Oracle hat ab Version 11 Java Web Start entfernt. Für Teilnehmer, die noch Java 8 einsetzen, stellen wir weiterhin bis voraussichtlich Mitte 2019 eine Java Web Start-Version der RA-Oberfläche zur Verfügung. Achtung: Die Java Web Start-Version erhält nur noch Sicherheitsupdates und keine Ergänzungen der Funktionalität!

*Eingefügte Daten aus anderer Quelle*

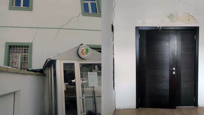 Depremden etkilenen belediye binasının duvarlarında ve köşe noktalarında derin çatlaklar oluştu.

https://pki.pca.dfn.de/guira/guira.jnlp

Bitte beachten Sie, dass Java 8 am Ende seines Lebenszyklus angekommen ist und ab Anfang 2019 keine öffentlichen Updates mehr erhält.

 

(jbr, 13.12.2018)

Java RA-Oberfläche Version 3.0

Die Java RA-Oberfläche für den Teilnehmerservice der DFN-PKI können Sie in der Version 3.0 hier herunterladen:

guira-3.0.zip

guira-3.0.zip.SHA256sum

Entpacken Sie das ZIP-Archiv. In den Dateien README.txt und Anleitung_Windows.pdf finden Sie weitere Hinweise zur Installation und Inbetriebnahme.

Änderungen

Version 3.0 (28.11.2018)

  • Anpassung an OpenJDK11
  • Aktualisierung der BouncyCastle Version auf 1.60.

Systemvoraussetzungen

  • OpenJDK ab Version 11
  • Oracle Java ab Version 11 kann auch verwendet werden. Bitte beachten Sie hierzu:
    • In unseren Abnahmetests verwenden wir OpenJDK
    • Bitte berücksichtigen Sie die geänderten Lizenzbedingungen für den nicht-privaten Einsatz von Oracle.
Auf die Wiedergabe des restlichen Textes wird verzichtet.